▶ [Work required]
Report how many lines of the records below include the word "what". Give nothing but the number.

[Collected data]

[Start of Attachment]

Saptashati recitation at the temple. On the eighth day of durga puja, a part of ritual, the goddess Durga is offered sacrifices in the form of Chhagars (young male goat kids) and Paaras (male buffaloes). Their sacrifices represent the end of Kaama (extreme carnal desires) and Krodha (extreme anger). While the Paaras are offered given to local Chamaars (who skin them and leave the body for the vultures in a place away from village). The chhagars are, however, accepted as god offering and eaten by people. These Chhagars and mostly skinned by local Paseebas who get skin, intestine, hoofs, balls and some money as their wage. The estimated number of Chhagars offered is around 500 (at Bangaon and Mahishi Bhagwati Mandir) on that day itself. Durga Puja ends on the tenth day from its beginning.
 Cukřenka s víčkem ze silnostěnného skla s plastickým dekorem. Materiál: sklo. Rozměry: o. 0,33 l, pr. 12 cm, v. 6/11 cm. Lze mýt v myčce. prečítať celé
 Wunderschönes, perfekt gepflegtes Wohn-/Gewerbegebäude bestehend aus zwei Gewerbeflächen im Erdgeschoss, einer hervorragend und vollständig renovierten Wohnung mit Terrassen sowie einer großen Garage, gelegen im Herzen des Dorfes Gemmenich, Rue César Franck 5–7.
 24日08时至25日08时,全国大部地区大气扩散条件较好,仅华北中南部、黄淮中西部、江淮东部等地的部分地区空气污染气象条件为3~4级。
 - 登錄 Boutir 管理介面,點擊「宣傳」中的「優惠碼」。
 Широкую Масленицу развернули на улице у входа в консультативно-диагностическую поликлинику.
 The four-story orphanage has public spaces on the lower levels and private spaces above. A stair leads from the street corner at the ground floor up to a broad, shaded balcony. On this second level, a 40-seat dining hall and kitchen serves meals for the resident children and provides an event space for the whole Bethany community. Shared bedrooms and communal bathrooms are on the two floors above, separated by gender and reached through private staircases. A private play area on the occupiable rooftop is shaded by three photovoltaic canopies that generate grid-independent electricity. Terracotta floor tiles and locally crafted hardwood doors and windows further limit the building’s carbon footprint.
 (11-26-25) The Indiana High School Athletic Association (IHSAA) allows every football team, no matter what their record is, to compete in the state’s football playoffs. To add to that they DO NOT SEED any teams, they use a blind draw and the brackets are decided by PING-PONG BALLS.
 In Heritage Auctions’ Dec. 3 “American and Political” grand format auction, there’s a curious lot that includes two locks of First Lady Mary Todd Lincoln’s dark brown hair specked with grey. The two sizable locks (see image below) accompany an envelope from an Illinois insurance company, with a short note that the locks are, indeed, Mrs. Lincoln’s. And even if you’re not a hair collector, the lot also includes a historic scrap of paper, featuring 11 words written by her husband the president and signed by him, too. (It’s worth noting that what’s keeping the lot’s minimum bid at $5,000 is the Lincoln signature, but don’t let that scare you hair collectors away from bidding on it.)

[End of Attachment]

▶ [Written response]
2